Dataset extract ▸
****************

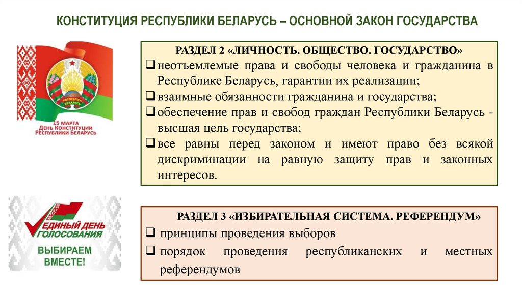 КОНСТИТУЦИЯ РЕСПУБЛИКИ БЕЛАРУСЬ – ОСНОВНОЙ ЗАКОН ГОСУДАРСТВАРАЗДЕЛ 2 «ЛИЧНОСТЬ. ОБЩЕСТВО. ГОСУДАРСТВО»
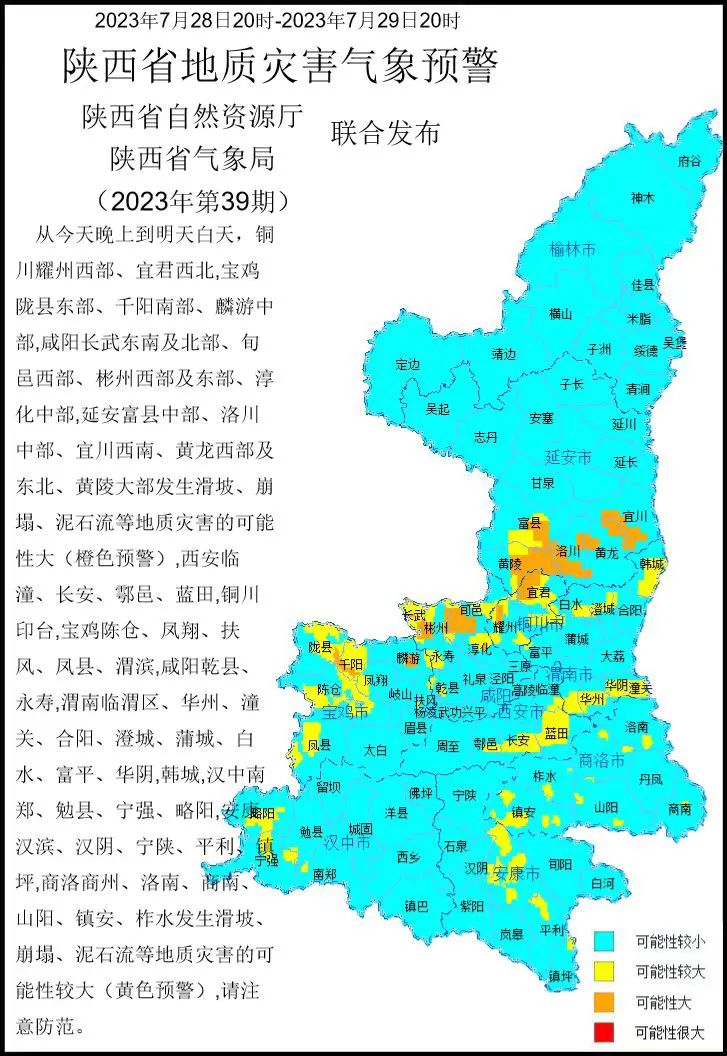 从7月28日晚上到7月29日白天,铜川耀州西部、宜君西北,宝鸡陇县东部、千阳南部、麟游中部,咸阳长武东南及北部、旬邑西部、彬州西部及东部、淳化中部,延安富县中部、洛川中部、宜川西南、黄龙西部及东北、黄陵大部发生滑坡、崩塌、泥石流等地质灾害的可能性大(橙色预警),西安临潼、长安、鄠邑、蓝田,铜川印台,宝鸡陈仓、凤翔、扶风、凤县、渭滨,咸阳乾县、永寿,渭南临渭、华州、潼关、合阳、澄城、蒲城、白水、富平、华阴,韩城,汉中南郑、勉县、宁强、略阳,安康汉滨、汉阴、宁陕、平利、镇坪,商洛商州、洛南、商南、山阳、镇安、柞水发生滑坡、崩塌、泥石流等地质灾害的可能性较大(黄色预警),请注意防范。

****************

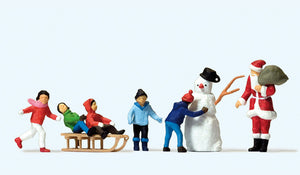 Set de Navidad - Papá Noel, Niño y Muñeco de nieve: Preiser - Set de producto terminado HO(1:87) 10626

****************

Prompt ▸ Within the listing above, find the line containing "КОНСТИТУЦИЯ РЕСПУБЛИКИ БЕЛАРУСЬ" and the line containing "从7月28日晚上到7月29日". Transcribe them and everything between them exactly, leaving out the pictures.

Solution for this task ▸
 КОНСТИТУЦИЯ РЕСПУБЛИКИ БЕЛАРУСЬ – ОСНОВНОЙ ЗАКОН ГОСУДАРСТВАРАЗДЕЛ 2 «ЛИЧНОСТЬ. ОБЩЕСТВО. ГОСУДАРСТВО»
 从7月28日晚上到7月29日白天,铜川耀州西部、宜君西北,宝鸡陇县东部、千阳南部、麟游中部,咸阳长武东南及北部、旬邑西部、彬州西部及东部、淳化中部,延安富县中部、洛川中部、宜川西南、黄龙西部及东北、黄陵大部发生滑坡、崩塌、泥石流等地质灾害的可能性大(橙色预警),西安临潼、长安、鄠邑、蓝田,铜川印台,宝鸡陈仓、凤翔、扶风、凤县、渭滨,咸阳乾县、永寿,渭南临渭、华州、潼关、合阳、澄城、蒲城、白水、富平、华阴,韩城,汉中南郑、勉县、宁强、略阳,安康汉滨、汉阴、宁陕、平利、镇坪,商洛商州、洛南、商南、山阳、镇安、柞水发生滑坡、崩塌、泥石流等地质灾害的可能性较大(黄色预警),请注意防范。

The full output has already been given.